PABLO
GENTILLI:
UN
ZAPATO PERDIDO (O CUANDO LAS MIRADAS SABEN MIRAR)
Para
aclarar las confusas ideas que me invadían decidí salir con Mateo, mi hijo de
un año, a hacer unas compras. Las necesidades familiares eran, como casi
siempre, eclécticas: pañales, disquetes, el último libro de Ana Miranda y
algunas botellas de vino argentino difíciles de encontrar a buen precio en Río
de Janeiro. Luego de algunas cuadras, Teo se durmió plácidamente en su
cochecito. Mientras el soñaba con alguna cosa probablemente mágica, percibí que
uno de sus zapatos estaba desatado y casi cayendo. Decidí sacárselo para evitar
que, en un descuido, se perdiera. Pocos segundos después una elegante señora me
alertó: “Cuidado, su hijo perdió un zapatito”. “Gracias, respondí, pero yo se lo saqué”. Algunos metros más
adelante, el portero de un edificio con garaje, aparentemente de sonrisa tímida
y palabra corta, movió la cabeza en dirección al pie de Mateo diciendo en tono
grave: “el zapato”. Levantando el dedo pulgar en señal de agradecimiento
continué mi camino. Antes de llegar al supermercado, doblando la esquina de la
Avenida Nossa Senhora de Copacabana y Rainha Elizabeth, un surfista igualmente
preocupado por el destino del zapato de Teo dijo: “Oi mané, tu hijo perdió la
sandalia”. Erguí el dedo nuevamente y sonreí en señal de agradecimiento.

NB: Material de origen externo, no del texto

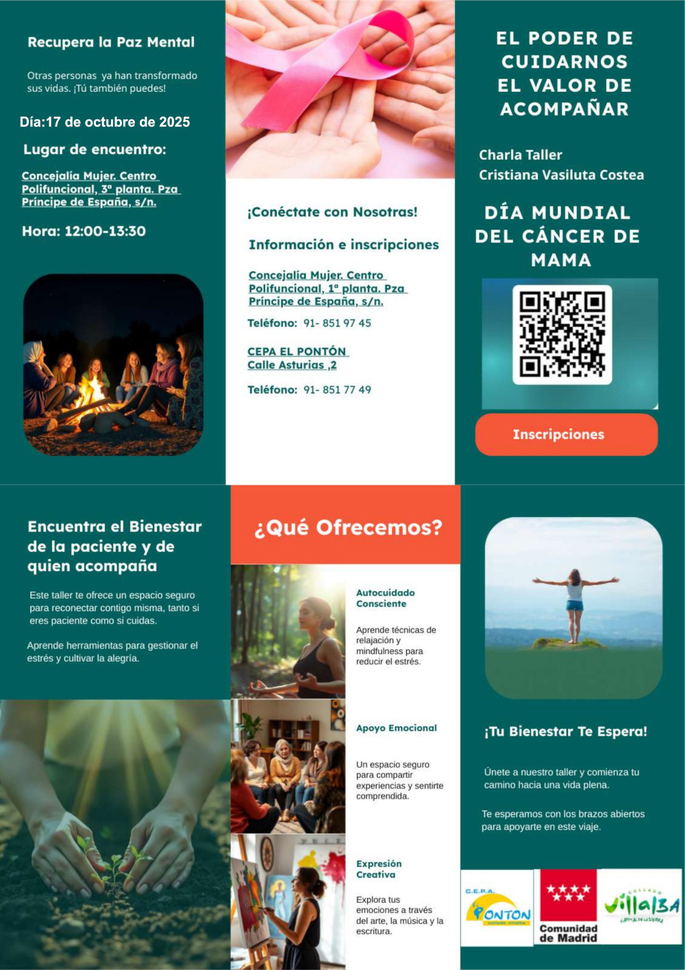 El viernes 17 de octubre, en el Aula de Mujer (edificio Polifuncional. Plaza Príncipe de España s/n), a las 12:00 h., se celebrará la charla-coloquio ‘El Poder de cuidarnos, el valor de acompañar’, con entrada libre y gratuita hasta completar aforo. El acto contará con la participación de Cristiana Vasiluta, que relata en un libro su lucha contra la enfermedad.

Ya en
el supermercado, los llamados de atención continuaron. La supuesta perdida del
zapato de Mateo no dejaba de mostrar diferentes muestras de solidaridad y
alerta. Llegando a nuestro departamento, Joao, el portero, haciendo gala de su
habitual histrionismo, gritó despertando al niño: “Teo!, tu papá perdió de
nuevo el zapato”
Río
de Janeiro es, como cualquier gran metrópoli latinoamericana, un territorio de
profundos contrastes, donde el lujo y la miseria conviven en formas no siempre
armoniosas.
Mi
desazón era, quizás, injustificada: ¿Qué
hace del pie descalzo de un niño de clase media motivo de reparo y
circunstancial preocupación en una ciudad con centenas de chicos descalzos,
brutalmente descalzos? ¿Por qué, en una
ciudad con decenas de familias viviendo a la intemperie, el pie
superficialmente descalzo de Mateo llamaba más la atención que otros pies cuya
ausencia de zapato es la marca inocultable de la barbarie que supone negar los
más elementales derechos humanos a millares de individuos?
La
pregunta me parecía trivial.
La
posibilidad de reconocer o percibir acontecimientos es una forma de definir los
límites siempre arbitrarios entre lo “normal” y lo “anormal”, lo aceptado y lo
rechazado, lo permitido y lo prohibido. De allí que, mientras es “anormal” que
un niño de clase media ande descalzo, es “absolutamente normal” que centenas de
chicos de la calle anden sin zapatos y deambulando por las calles de Copacabana
pidiendo limosnas.
La
“anormalidad” vuelve los acontecimientos visibles al mismo tiempo que la
“normalidad” suele tener la facultad de ocultarlos. Lo “normal” se vuelve
cotidiano. Y lo cotidiano se desvanece ante la percepción como producto de su
tendencial neutralización.
Expresado
sin tantos rodeos, lo que pretendo decir es que, hoy en nuestras sociedades
dualizadas, la exclusión es invisible a
los ojos. Ciertamente, la invisibilidad es la marca más visible de los
procesos de exclusión en este milenio que comienza. La exclusión y sus efectos
están ahí. Son evidencias crueles y brutales que nos enseñan las esquinas, que
comentan los diarios, que exhiben las pantallas. Sin embargo, la exclusión
parece haber perdido poder para producir espanto e indignación en una buena
parte de la sociedad.
La
selectividad de la mirada cotidiana es implacable: dos pies descalzos no son
dos pies descalzos. Uno es un pie que perdió un zapato. El otro, simplemente no
existe. Uno es el pie de un niño. El otro es el pie de nadie.
La
exclusión se normaliza y, al hacerlo, se neutraliza. Desaparece como “problema”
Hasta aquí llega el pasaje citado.